TASK DESCRIPTION -
Write each line exactly, from the line that holds "ms63+ By SEGS." through the final line of the material, and no other line.
■ ■ ■ ■ ■ ■ ■
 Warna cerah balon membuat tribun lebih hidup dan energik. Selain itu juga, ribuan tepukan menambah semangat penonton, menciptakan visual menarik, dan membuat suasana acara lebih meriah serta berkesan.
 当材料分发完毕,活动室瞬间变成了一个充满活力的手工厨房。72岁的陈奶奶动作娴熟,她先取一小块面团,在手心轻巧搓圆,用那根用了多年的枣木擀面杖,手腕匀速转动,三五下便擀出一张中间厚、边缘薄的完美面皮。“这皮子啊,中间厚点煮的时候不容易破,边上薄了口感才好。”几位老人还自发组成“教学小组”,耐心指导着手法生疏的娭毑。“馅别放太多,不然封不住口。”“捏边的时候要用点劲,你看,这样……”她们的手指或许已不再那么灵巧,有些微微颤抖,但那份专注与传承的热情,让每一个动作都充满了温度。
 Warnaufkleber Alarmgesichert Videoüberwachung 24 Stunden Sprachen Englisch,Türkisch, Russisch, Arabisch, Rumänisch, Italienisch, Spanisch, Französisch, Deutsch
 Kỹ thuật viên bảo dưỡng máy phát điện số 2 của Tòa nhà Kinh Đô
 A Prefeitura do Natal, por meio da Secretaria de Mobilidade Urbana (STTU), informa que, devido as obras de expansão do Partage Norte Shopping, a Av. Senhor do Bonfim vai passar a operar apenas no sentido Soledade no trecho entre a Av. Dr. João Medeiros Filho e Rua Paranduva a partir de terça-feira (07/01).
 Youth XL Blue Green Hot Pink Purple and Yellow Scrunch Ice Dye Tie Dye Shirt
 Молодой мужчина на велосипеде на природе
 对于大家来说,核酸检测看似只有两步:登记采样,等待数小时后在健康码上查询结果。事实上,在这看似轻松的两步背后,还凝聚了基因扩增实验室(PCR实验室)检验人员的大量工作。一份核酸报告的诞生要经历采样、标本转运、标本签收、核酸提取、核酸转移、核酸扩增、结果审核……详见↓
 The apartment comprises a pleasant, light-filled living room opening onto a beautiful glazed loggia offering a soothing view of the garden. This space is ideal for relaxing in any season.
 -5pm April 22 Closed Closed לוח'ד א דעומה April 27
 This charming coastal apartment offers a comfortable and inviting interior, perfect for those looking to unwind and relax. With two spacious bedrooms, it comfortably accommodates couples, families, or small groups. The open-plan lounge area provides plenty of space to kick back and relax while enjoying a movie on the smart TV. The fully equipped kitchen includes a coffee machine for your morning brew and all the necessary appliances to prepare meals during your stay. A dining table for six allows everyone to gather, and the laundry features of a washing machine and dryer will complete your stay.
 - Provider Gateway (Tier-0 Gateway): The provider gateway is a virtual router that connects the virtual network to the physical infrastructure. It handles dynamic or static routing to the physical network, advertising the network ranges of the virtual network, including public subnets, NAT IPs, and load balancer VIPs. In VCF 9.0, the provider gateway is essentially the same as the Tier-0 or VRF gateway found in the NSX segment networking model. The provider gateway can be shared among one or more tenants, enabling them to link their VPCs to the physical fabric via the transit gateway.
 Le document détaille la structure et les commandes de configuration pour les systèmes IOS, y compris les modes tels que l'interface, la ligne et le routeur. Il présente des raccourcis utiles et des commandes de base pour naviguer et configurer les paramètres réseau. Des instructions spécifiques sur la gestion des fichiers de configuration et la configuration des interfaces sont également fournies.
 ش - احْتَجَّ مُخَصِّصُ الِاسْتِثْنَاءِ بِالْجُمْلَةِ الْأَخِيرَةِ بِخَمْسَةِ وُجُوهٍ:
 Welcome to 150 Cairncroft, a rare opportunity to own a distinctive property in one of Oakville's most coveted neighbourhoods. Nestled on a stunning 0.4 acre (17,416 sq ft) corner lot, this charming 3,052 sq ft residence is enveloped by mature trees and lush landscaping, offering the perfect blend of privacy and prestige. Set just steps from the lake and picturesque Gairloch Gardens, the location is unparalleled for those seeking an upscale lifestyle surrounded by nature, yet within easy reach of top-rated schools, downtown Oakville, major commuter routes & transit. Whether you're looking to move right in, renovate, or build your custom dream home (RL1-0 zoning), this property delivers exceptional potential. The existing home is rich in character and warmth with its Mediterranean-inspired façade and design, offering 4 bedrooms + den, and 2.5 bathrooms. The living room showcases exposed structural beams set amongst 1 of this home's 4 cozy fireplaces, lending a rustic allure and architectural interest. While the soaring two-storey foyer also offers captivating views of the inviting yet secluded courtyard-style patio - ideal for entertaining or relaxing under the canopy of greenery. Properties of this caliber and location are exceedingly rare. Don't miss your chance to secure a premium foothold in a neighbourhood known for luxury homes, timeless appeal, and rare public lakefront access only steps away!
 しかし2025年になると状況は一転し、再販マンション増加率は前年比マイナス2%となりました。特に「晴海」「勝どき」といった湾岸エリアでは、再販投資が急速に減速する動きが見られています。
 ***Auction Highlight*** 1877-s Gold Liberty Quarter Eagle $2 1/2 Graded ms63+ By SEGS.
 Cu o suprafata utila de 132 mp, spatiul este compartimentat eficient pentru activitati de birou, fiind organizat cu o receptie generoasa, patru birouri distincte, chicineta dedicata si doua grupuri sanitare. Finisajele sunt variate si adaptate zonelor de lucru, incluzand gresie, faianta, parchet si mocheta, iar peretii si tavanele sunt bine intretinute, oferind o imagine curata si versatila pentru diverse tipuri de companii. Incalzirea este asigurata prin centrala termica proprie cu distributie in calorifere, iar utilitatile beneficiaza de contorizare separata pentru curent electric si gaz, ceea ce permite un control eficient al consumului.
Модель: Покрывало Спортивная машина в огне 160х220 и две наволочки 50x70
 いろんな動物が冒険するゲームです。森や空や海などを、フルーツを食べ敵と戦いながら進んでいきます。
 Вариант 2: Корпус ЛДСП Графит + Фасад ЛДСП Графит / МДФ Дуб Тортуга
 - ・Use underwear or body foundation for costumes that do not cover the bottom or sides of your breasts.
■ ■ ■ ■ ■ ■ ■
TASK RESULT -
 ***Auction Highlight*** 1877-s Gold Liberty Quarter Eagle $2 1/2 Graded ms63+ By SEGS.
 Cu o suprafata utila de 132 mp, spatiul este compartimentat eficient pentru activitati de birou, fiind organizat cu o receptie generoasa, patru birouri distincte, chicineta dedicata si doua grupuri sanitare. Finisajele sunt variate si adaptate zonelor de lucru, incluzand gresie, faianta, parchet si mocheta, iar peretii si tavanele sunt bine intretinute, oferind o imagine curata si versatila pentru diverse tipuri de companii. Incalzirea este asigurata prin centrala termica proprie cu distributie in calorifere, iar utilitatile beneficiaza de contorizare separata pentru curent electric si gaz, ceea ce permite un control eficient al consumului.
Модель: Покрывало Спортивная машина в огне 160х220 и две наволочки 50x70
 いろんな動物が冒険するゲームです。森や空や海などを、フルーツを食べ敵と戦いながら進んでいきます。
 Вариант 2: Корпус ЛДСП Графит + Фасад ЛДСП Графит / МДФ Дуб Тортуга
 - ・Use underwear or body foundation for costumes that do not cover the bottom or sides of your breasts.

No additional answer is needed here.